Perl Debate Time ;-)

Fred Steinberg fred at alaska.net
Sat Mar 20 18:18:54 CST 1999


 Tony> I think those who want to get rid of "local" are wrong. They are two
 Tony> completely different operators, used for two different purposes.

Right; dynamic vs lexcial scoping. Completely valid concepts, i.e. this is
not a debate about Perl syntax, it's a general concept.

 Tony> Variables declared with "my" are completely hidden from the outside
 Tony> world, /even subroutines called within the same block/, and /even if
 Tony> the subroutine is calling itself recursively./ According to "perldoc
 Tony> perlsub,"
     ...
 Tony> Hope this clears up the confusion.....

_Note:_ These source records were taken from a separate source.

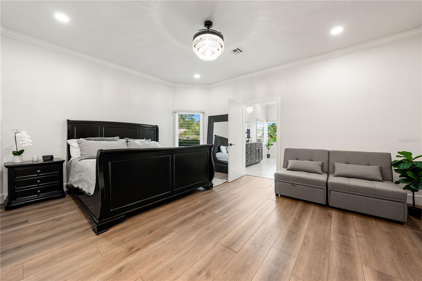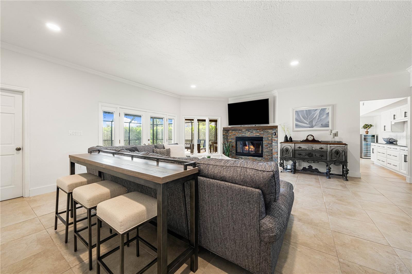 Welcome to Southbay Yacht & Racquet Club, one of the Gulf Coast's most coveted communities--where every day feels like a vacation! Southbay boasts a world-class private marina with 172 deep-water slips, accommodating yachts up to 55 feet, along with personal watercraft and kayaks. Slip rentals are available and offered at a highly competitive rate, making this an exceptional value for boating enthusiasts. This remarkable residence is one of the largest in the community and offers a rare 3-car, side-load garage with a dedicated workshop--perfect for collectors, creatives, or anyone in need of additional space. Step outside to your private oasis: a peaceful lanai overlooking a sparkling, heated pool and spa--ideal for both lavish entertaining and quiet moments of retreat. Inside, every detail has been meticulously curated. A recent, designer-led renovation has transformed the home into a sophisticated showplace. The interiors reflect a timeless elegance, with a high-contrast black and white palette that creates a dramatic yet harmonious flow throughout the home. Clean lines, thoughtful textures, and classic materials elevate each space with effortless style. A reimagined front entrance welcomes you into soaring ceilings and a stunning great room filled with natural light. The gourmet kitchen is equally impressive, featuring white solid wood cabinetry with soft-close drawers, stainless steel appliances, and gleaming granite countertops--all designed with both beauty and functionality in mind. With two expansive living areas, oversized bedrooms, two en-suites, and multiple storage options, this home provides ample space for elegant living and entertaining. Southbay also offers a newly renovated clubhouse, resort style heated community pool, tennis courts, pickleball courts, miles of walking trails & green space, and a full calendar of vibrant social events year-round. The community is warm, welcoming, and lively--perfect for families and those who enjoy an active, coastal lifestyle. Conveniently located next to Publix, shops & restaurants. Across the street from Oscar Scherer State Park, and only 5 minutes to the number 1 school in the state-Pine View. This is not just a home; it is a statement of style, comfort, and grace. Come and experience the elevated lifestyle that only Southbay Yacht & Racquet Club can offer.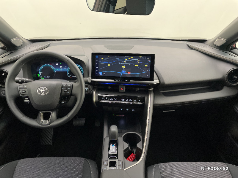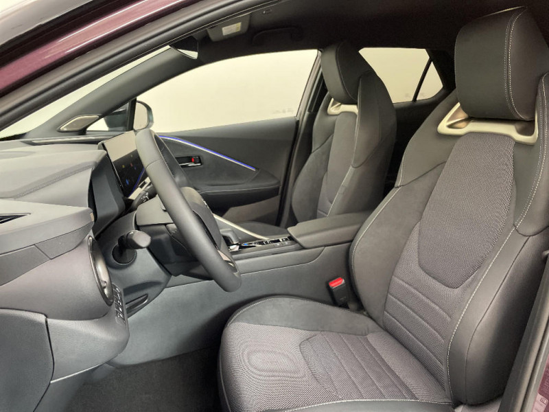 Sacoche de rangement pour le câble de recharge / Sellerie Premium suédine et tissu avec surpiqûres bleues et blanches / Services connectés de contrôle à distance MyToyota (inclus 4 ans) / Services connectés standards MyToyota (inclus 10 ans) / Seuils de portes en aluminium / Toyota Safety Sense : Système de sécurité précollision avec détection des véhicules, piétons (jour/nuit) et cyclistes, actif également dans les intersections (PCS), Alerte de franchissement de ligne avec aide au maintien dans la file, assistant de trajectoire et détecteur de fatigue (LTA), Régulateur de vitesse adaptatif intelligent allant jusqu'à l'arrêt (ACC), Lecture des panneaux de signalisation avec limiteur de vitesse (RSA) et Gestion automatique des feux de route (AHB), Système d'arrêt d'urgence autonome (EDSS) / Vitrage feuilleté insonorisé / Avertisseur de circulation AR (RCTA) Cet avertisseur vous permet grâce aux capteurs d'angles morts de repérer un véhicule arrivant de côté quand vous sortez en marche AR d'une place de parking. S'il détecte un risque de collision, le système freine automatiquement et stoppe le véhicule. / Câble de recharge Mode 2 (Type 2) 1,8 kW / 6 mètres (domestique) / Câble de recharge Mode 3 (Type 2) 22kW / 7,5 mètres (Wallbox) / Carrosserie bi-ton / Clé digitale / Coffre avec plancher surélevé / Compteur numérique personnalisable 12,3" / Eclairage d'ambiance intérieur monochrome éclairage non personnalisable et non interactif : cave à pieds / rangement passager / Eclairage d'ambiance intérieur personnalisable et interactif 64 couleurs sous l'écran et panneaux de porte) / Ecrous antivol / Essuie-glaces AV avec détecteur de pluie / Filet coffre / Jantes en alliage 19" bi-ton noir et aluminium / Aide à la sortie sécurisée (SEA) Le système vous aide à prévenir les accidents en surveillant les autres usagers de la route qui s'approchent par l'arrière. Lorsqu'il détecte la présence d'un cycliste ou d'un véhicule, un indicateur lumineux s'affiche dans les rétroviseurs extérieurs et sur l'écran multi-informations et une alarme sonore alerte les occupants. / Alarme avec fonction antidémarrage / Avertisseur d'angles morts (BSM) Lorsque les capteurs détectent un véhicule dans votre angle mort latéral, un indicateur lumineux s'éclaire sur le rétroviseur extérieur correspondant. Si vous mettez votre clignotant afin d'indiquer un changement de voie alors qu'un véhicule est dans votre angle mort, un indicateur lumineux apparaît dans le rétroviseur correspondant pour vous avertir du danger. / Activation automatique des feux de détresse AR (FHL) / Volant chauffant / Volant en cuir synthétique / Volant gainé de matière synthétique / Kit de réparation anti-crevaison / Kit de sécurité / Montants B de portes noir laqué / Optiques AV LED avec signature lumineuse Premium / Ornements latéraux noirs laqués / Pare-brise chauffant (sous les essuie-glaces uniquement) / Poches aumonières au dos du siège passager AV / Poignées de portes affleurantes / Prise 230 V dans le coffre / Programme "Toyota Experience" / Purificateur d'air ionique Nanoe / Radars de stationnement AV et AR (PKSB) Lorsque vous roulez à basse vitesse ou en marche AR, les radars permettent de détecter des objets statiques (obstacles, murs...) ou en mouvement (véhicules traversant à l'AR), le système de freinage de l'aide au stationnement fournit alors une assistance pour réduire l'impact. / Siège conducteur à réglages électriques avec mémorisation / Siège conducteur avec support lombaire électrique / Siège passager réglable manuellement en hauteur / Sièges AV contours enveloppants / Système audio premium JBL 9 HP / Système d'appel d'urgence automatique "E-Call" / Système de rappel pour les sièges AR (RSRS) / Système d'ouverture/fermeture et démarrage sans clé "Smart Entry & Start" / Système multimédia Toyota Smart Connect Plus : Ecran couleur tactile 12,3" haute définition, Connectivité Bluetooth, USB et radio FM et DAB (digitale) , Système de connectivité smartphone Apple CarPlay et Android Auto (sans fil), Navigation satellitaire embarquée, Services intelligents dont navigation connectée avec infotrafic en temps réel, mises à jour cartographiques, Assistant vocal "Hey Toyota", recherche de points d'intérêts, zones de danger (fixes) / Rétroviseur intérieur électrochromatique / Rétroviseurs extérieurs avec éclairage au sol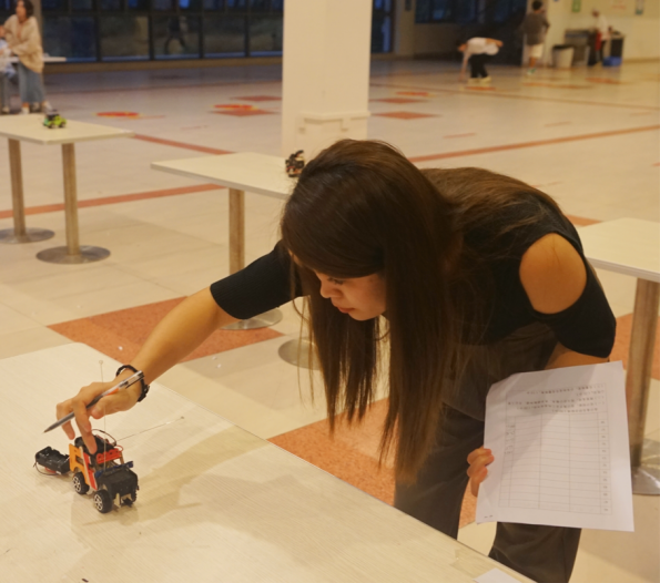 每组比赛完成后都有工作人员对成绩进行测量和统计,每个人的成绩都由统分人一一记录,由评委老师根据小车的美观程度进行打分,活动结束后将记录表统一交到负责人手里。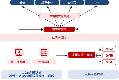 企業(yè)可以根據(jù)實(shí)際需求通過WEB方式或通過API方式接入。通過WEB接入方式,企業(yè)只需要使用普通辦公電腦或平板電腦即可接入使用。通過API方式接入方式,企業(yè)可以實(shí)現(xiàn)ERP、財(cái)務(wù)系統(tǒng)直接對(duì)接金管家系統(tǒng)獲取賬戶數(shù)據(jù)及下達(dá)交易指令。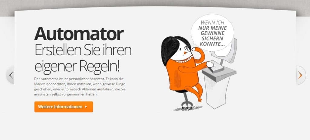 Man findet dies in der Portfoliokonfiguration. Der Automator erlaubt dem Anwender, verschiedene Regeln zu definieren, die im Gewinn- oder Verlustfall ausgeführt werden sollen.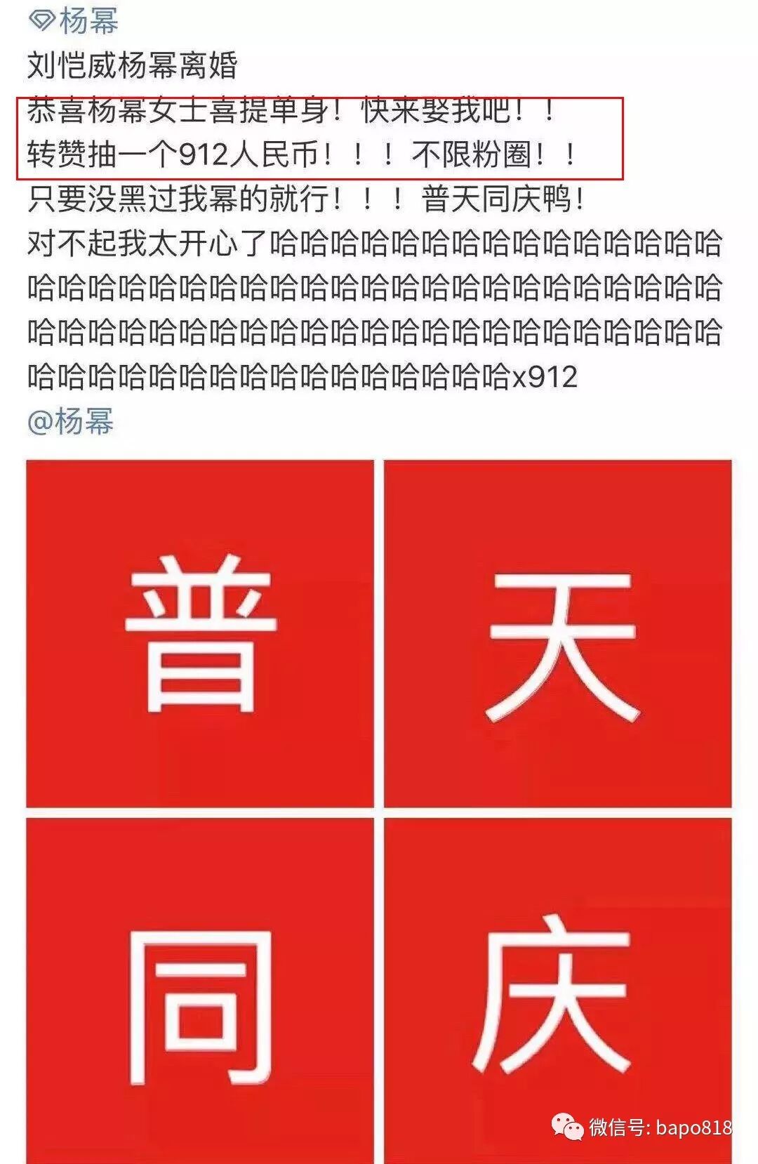 興奮的楊老師粉甚至還與民同樂的發起了各種離婚抽獎活動。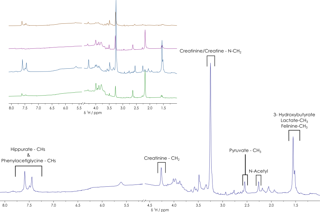 図 1:主要代謝物であるネコ尿の 1H NMR スペクトル。左上は、同研究において得られた同様の 4 つのスペクトル。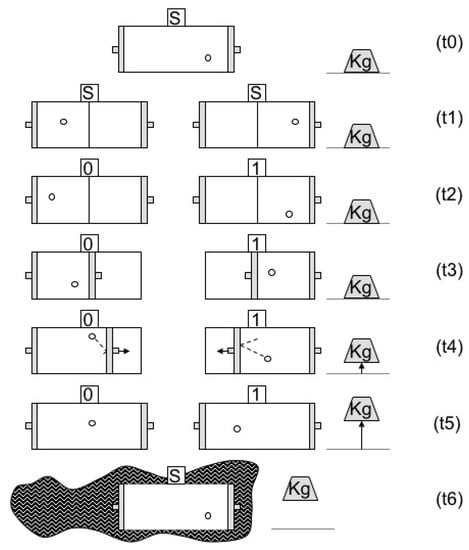 Consider the setup in Figure 1. At a particle is placed in a box. At a partition is inserted exactly at the center of the box so that the particle is trapped in the left-hand side L or the right-hand side R of the box. At a measurement of the location of the particle, left or right, is carried out and the outcome of the measurement, 0 or 1, respectively, is registered in the memory state of the measuring device. At the partition is replaced by a piston (in accordance with the measurement outcome), which is subsequently pushed by the particle at . The piston is coupled to a weight located outside the box which is raised during the expansion. At the particle is again free to move throughout the box and the weight is at its maximal height. At the memory of the device is erased and returns to its initial standard state. The particle returns to its initial energy state by receiving from the environment the energy it has lost to the weight. The cycle of operation is thus closed. By this last statement we mean that everything returns to its initial state except for the energy transfer from the heat bath (environment) to the weight (see our [7,18,19]).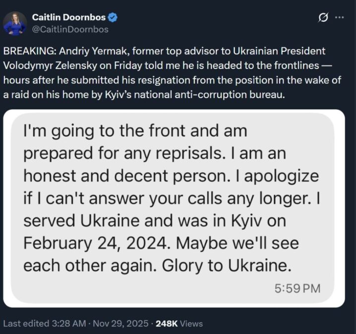 Колишній керівник Офісу президента України Володимира Зеленського Андрій Єрмак повідомив, що йде на фронт після того, як подав у відставку на тлі корупційного скандалу та слідчих дій НАБУ у його помешканні.

Indeed; a simple example always helps, in case anyone is still confused
(and cares):


    sub printfish { print "$fish "; }

    $fish = 'halibut';
    printfish;
    {
        local $fish = 'salmon';
        printfish;
    }
    printfish;


will print "halibut salmon halibut ".

If you change the 'local' to 'my', you get: "halibut halibut halibut ".
If you remove 'local' and 'my'  altogether, you get: "halibut salmon salmon ".

I tend to think of local as saving a temporary copy of the variable from
the outer scope.

I almost never use 'local', myself. But that's no reason to get rid of it.